▶ [RECORDS FOR PROCESSING]
====================

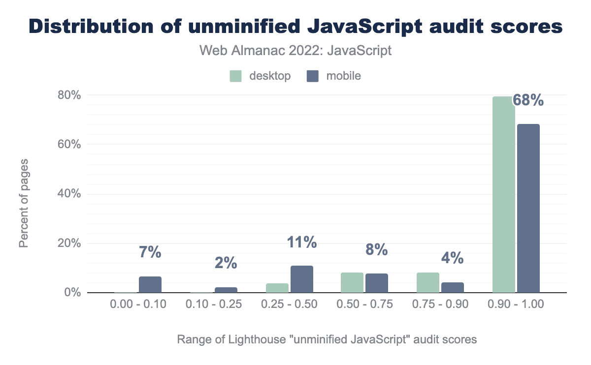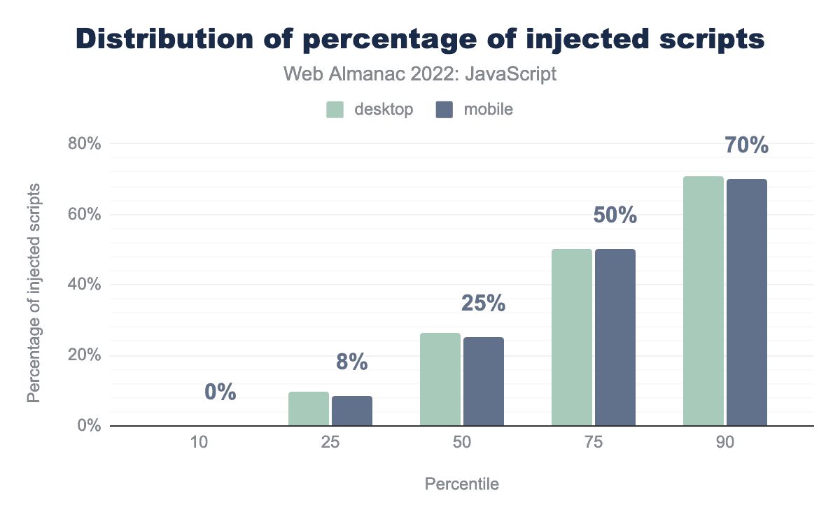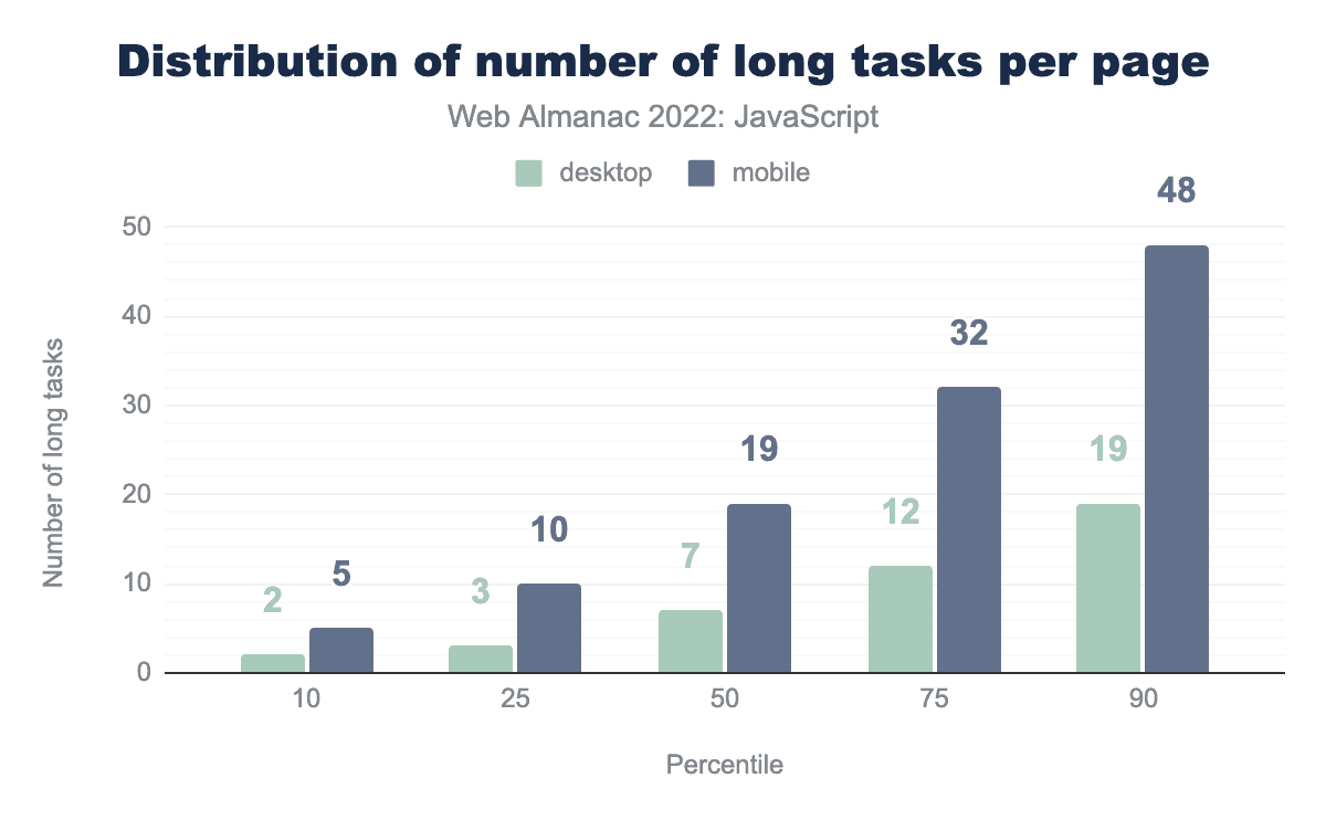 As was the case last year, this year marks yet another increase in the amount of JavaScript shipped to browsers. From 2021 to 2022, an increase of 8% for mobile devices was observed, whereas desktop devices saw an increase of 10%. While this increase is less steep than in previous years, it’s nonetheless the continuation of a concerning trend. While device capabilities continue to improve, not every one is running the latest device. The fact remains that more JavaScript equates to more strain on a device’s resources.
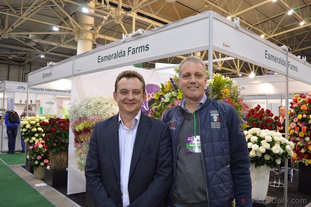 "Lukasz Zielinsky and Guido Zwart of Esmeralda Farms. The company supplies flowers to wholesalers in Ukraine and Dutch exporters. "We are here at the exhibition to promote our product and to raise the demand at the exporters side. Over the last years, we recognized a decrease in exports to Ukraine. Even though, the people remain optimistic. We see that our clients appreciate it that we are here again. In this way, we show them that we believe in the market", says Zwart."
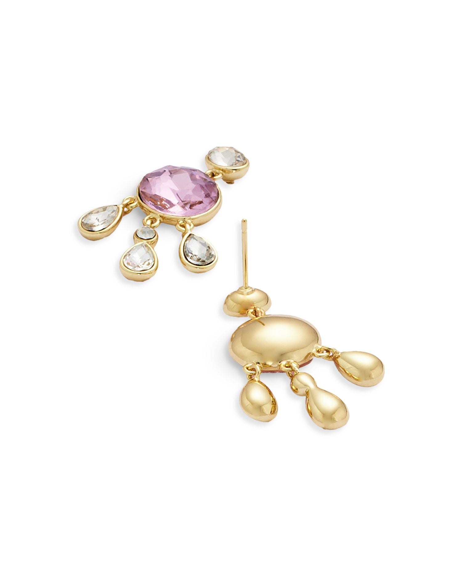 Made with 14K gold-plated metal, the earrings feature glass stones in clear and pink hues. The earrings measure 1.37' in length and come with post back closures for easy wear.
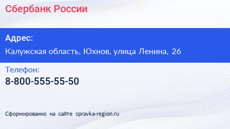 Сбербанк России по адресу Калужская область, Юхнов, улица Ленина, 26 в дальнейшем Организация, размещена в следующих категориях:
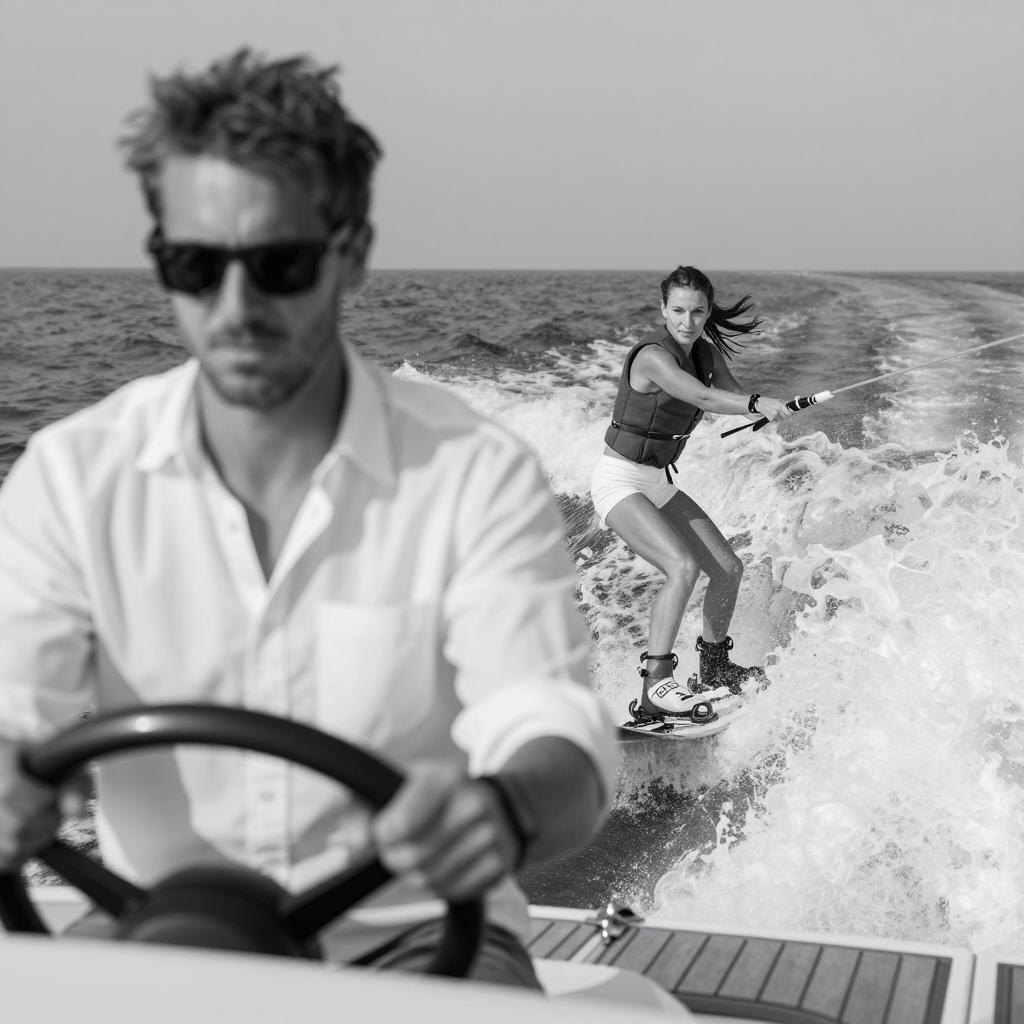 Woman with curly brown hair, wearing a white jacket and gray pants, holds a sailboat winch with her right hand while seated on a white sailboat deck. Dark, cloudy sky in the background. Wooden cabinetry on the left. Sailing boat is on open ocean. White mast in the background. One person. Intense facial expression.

====================

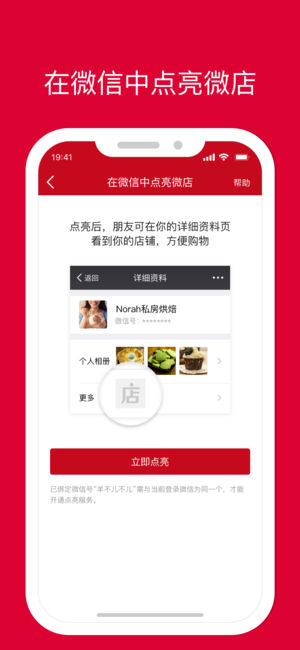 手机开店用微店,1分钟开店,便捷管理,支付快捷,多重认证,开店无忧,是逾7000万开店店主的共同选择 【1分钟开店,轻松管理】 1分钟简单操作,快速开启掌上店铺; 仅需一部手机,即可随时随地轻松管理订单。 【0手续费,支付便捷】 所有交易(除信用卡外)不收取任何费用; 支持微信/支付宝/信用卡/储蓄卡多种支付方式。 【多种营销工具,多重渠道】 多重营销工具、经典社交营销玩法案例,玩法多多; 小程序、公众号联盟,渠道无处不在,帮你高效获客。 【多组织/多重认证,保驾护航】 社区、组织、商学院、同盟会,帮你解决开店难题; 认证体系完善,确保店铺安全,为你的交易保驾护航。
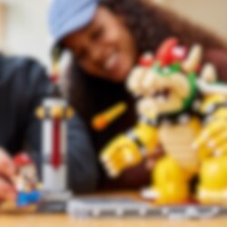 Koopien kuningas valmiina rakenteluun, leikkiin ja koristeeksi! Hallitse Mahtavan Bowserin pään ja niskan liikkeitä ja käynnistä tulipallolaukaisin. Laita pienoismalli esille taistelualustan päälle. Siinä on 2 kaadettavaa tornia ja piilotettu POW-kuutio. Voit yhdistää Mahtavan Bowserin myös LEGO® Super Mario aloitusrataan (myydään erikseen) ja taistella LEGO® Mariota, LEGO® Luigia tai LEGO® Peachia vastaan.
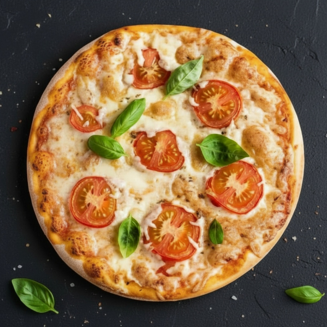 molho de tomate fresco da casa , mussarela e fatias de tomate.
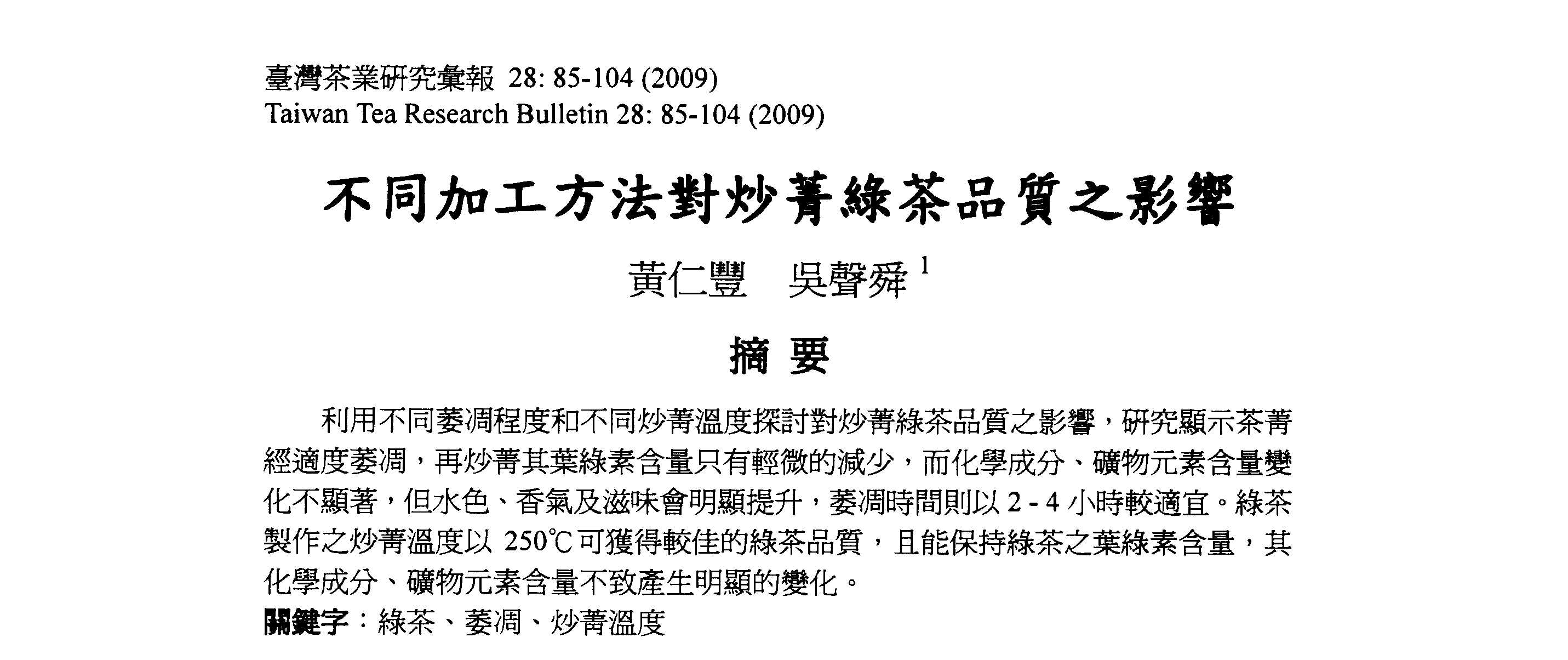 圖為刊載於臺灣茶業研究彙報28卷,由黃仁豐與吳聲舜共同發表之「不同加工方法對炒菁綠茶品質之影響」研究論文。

====================

▶ [WHAT YOU ARE ASKED TO DO] Beginning with the line above that has "Koopien kuningas valmiina" and going on through the line that has "圖為刊載於臺灣茶業研究彙報2", retype every line exactly and add nothing else; drop the pictures.

▶ [RESULT OF THE EXERCISE]
 Koopien kuningas valmiina rakenteluun, leikkiin ja koristeeksi! Hallitse Mahtavan Bowserin pään ja niskan liikkeitä ja käynnistä tulipallolaukaisin. Laita pienoismalli esille taistelualustan päälle. Siinä on 2 kaadettavaa tornia ja piilotettu POW-kuutio. Voit yhdistää Mahtavan Bowserin myös LEGO® Super Mario aloitusrataan (myydään erikseen) ja taistella LEGO® Mariota, LEGO® Luigia tai LEGO® Peachia vastaan.
 molho de tomate fresco da casa , mussarela e fatias de tomate.
 圖為刊載於臺灣茶業研究彙報28卷,由黃仁豐與吳聲舜共同發表之「不同加工方法對炒菁綠茶品質之影響」研究論文。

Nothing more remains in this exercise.